In reply to Re: Adderall Worsens My Hypoglycemia » Ritch, posted by Ron Hill on February 9, 2005, at 11:25:31

Ron, are you checking your blood sugar with one of those portable devices (like diabetics use) during the course of the day? I tried that once when I was having really bad periodic daytime drowsiness that I couldn't seem to figure out (it was normal the whole day). I can't remember the exact MOA that sitmulants have (other than being NE/DA reuptake inhibitors/releasers), so I can't really answer your question. From what I recall it does initially raise your blood sugar when it kicks in.. so perhaps the crashing effect is aggravating things. Maybe there is something you can do with meal timings, etc.??


> Mitch,
>
> Adderall greatly worsens my hypoglycemia.

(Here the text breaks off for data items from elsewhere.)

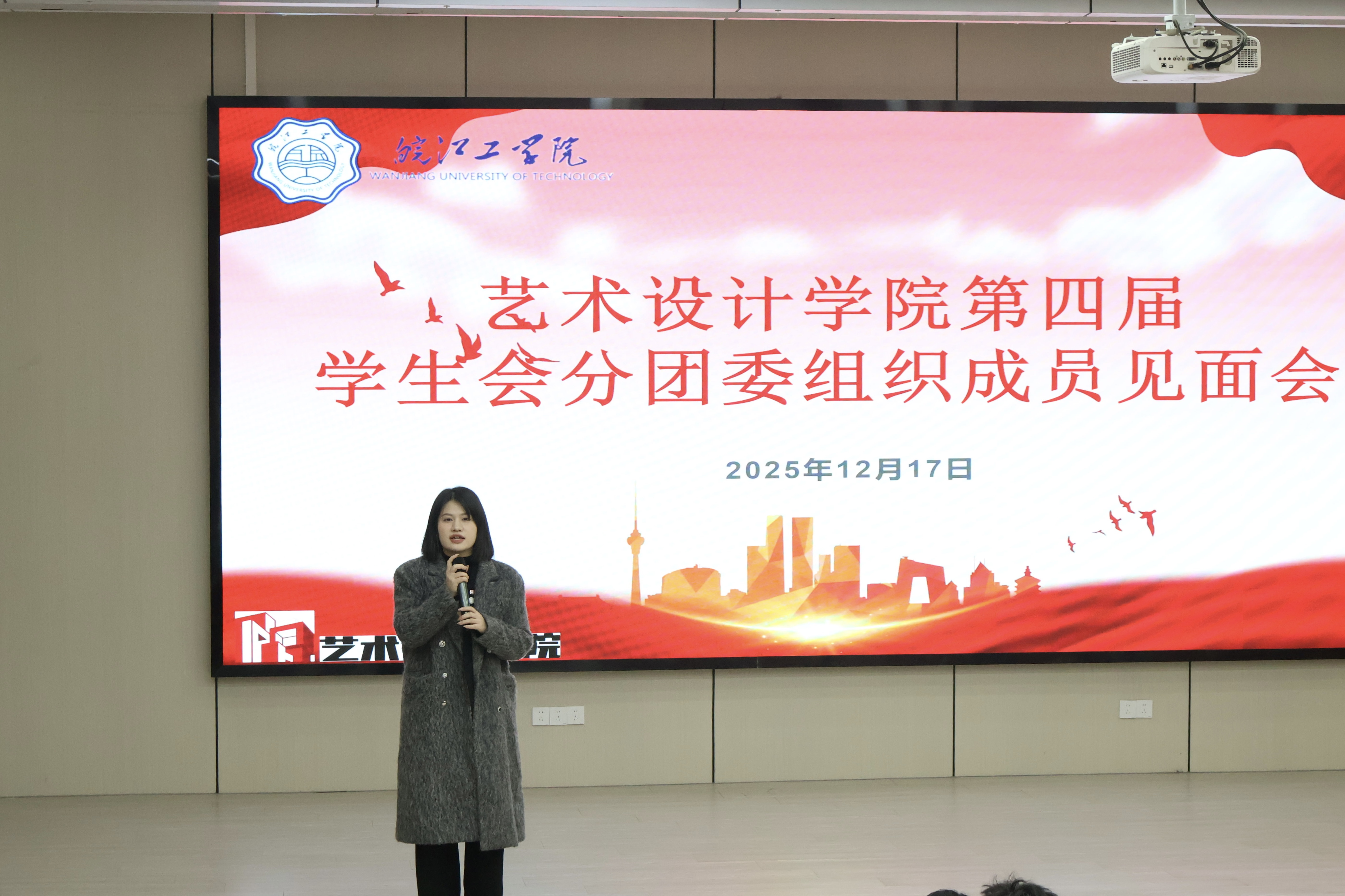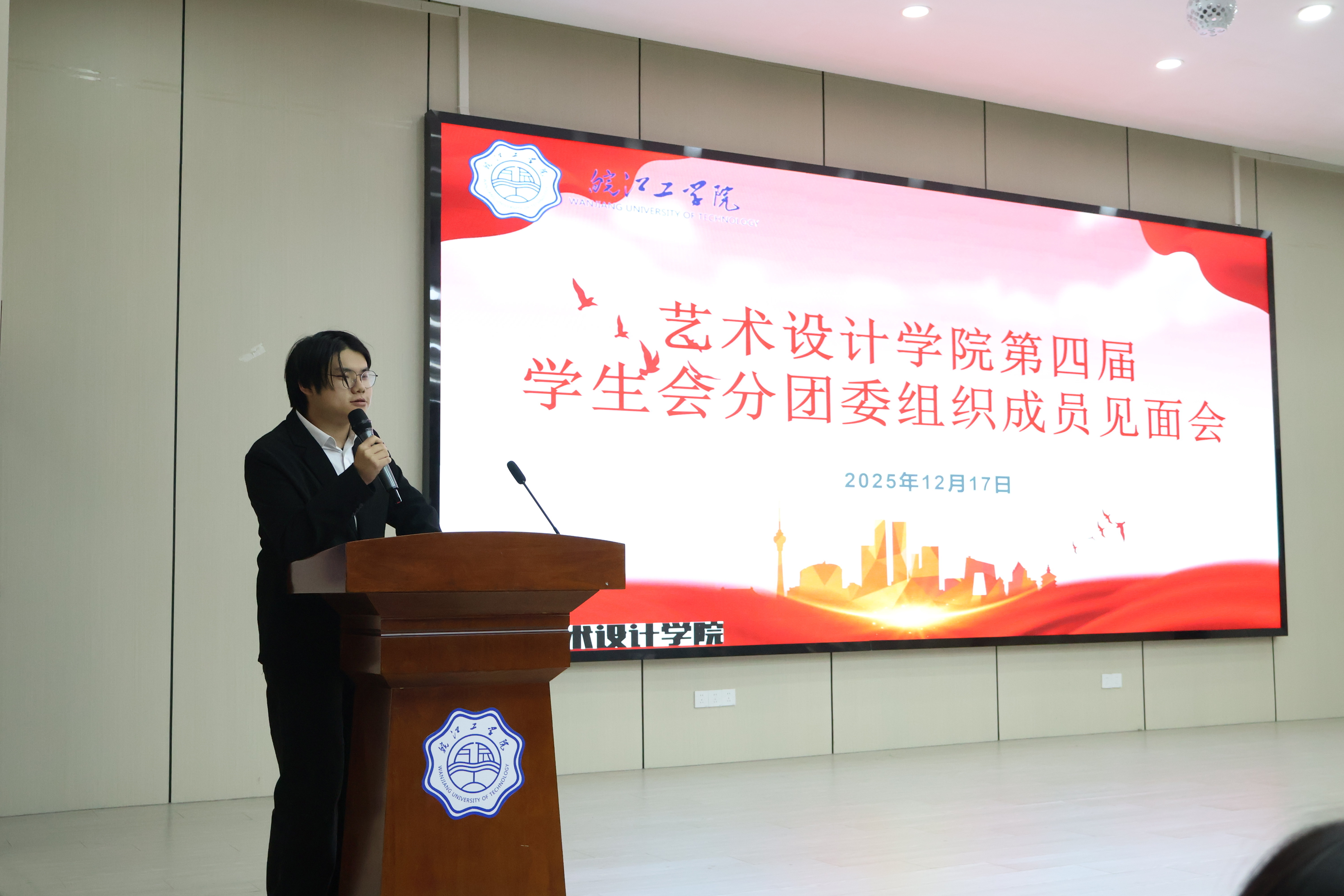 会议伊始,学院学生会主席团成员王浩然作年度工作汇报。他以“以评促建、服务育人、共创佳绩”为主线,从夯实组织基础、打造品牌活动、强化跨校区协同三个方面系统梳理了过去一年的工作成果,重点介绍了围绕学校合格评估开展的系列动员与服务保障工作,以及“天青杯”辩论赛、“大艺术家”等各项深受学院师生好评的品牌活动。随后,学院分团委学生副书记张謦令进行工作回顾。她总结了过去一年开展的主题团日与思想引领活动,并动员全体学生干部,应立足艺术设计专业特色,将理论学习的深度与创新实践的活力相结合,切实发挥好连接学院与广大同学的桥梁纽带作用。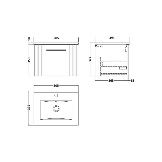 Deco 500mm Wall Hung Single Drawer Vanity & Minimalist Basin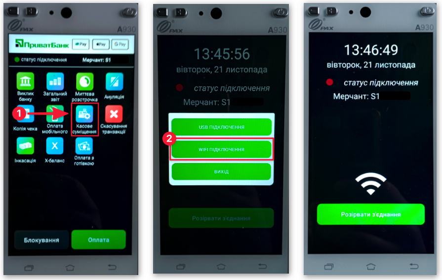 ❗ Суміщення між програмою SkyService та PAX A930 можлива лише, коли термінал у режимі суміщення (як на останньому фото).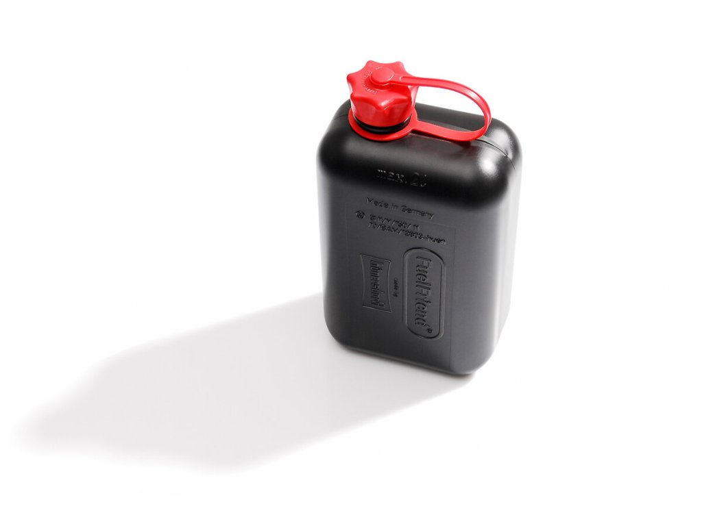 - Černý kanystr se šroubovacím uzávěrem a plnicí trubicí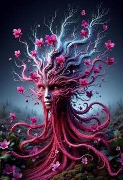 donmw15pFX floating wisp head made of quinacridone red fertile troll,   fields,bog orchids,,twilight,celestial mechanics, <lora:FLux\donmw15pFX-000009.safetensors:0.8>,

Does this make any sense to you?
>
> -- Ron
> ---------------------
>
> > > > Just prior to my thyroid tumor being found I was on Adderall and was experiencing a spate of panic attacks.
> > >
> > > > The nurse told me she thought the Adderall could have contributed.
> > >
> > > Ritch, do you think the nurse was right? In other words, is it your opinion that the Adderall contributed to your thyroid tumor?
> > >
> > > -- Ron
> >
> >
> > Ron, it is possible, but I am not convinced. I've got a family history of thyroid/metabolic disorders (more so than psych disorders BTW). My Mom had three interventions for thyroid problems. The first was solved by simply taking T4 (when she was young). The next was surgery to remove a benign tumor. The next was surgery to remove most of her thyroid after it was found to contain a cancerous tumor. Her first surgery ocurred at the exact same age that my first surgery occurred (for a benign tumor). My surgeon reasoned it would be best that most of my thyroid be removed because of my Mom's later cancer experience (ten years later). The thing that does spook me about dopaminergic meds (antipsychotics/stimulants) is their effects on hormones (prolactin, etc.) So, the stim thing might have impacted the growth, but I think it was probably more genetic... BUT I would welcome any comment from anyone about this issue. Adrenal functioning.. I think that's what the nurse was linking with stim usage and the tumor growth thing... just guessing here.. Not to say that I wouldn't try pstims again in the future if they prove helpful. I just need to check thyroid hormones, etc. and make sure things aren't going awry... I've also had potential *para*thyroid problems from lithium usage over many years (clinical hypercalcemia in the past resulting in dx of lithium). I'm starting to think that my extreme med sensitivities may be related to a screwed up neuroendocrine system (from the genetic getgo), and that certain med changes that get made have to be followed up with relatively frequent serum electrolytes, TSH, etc.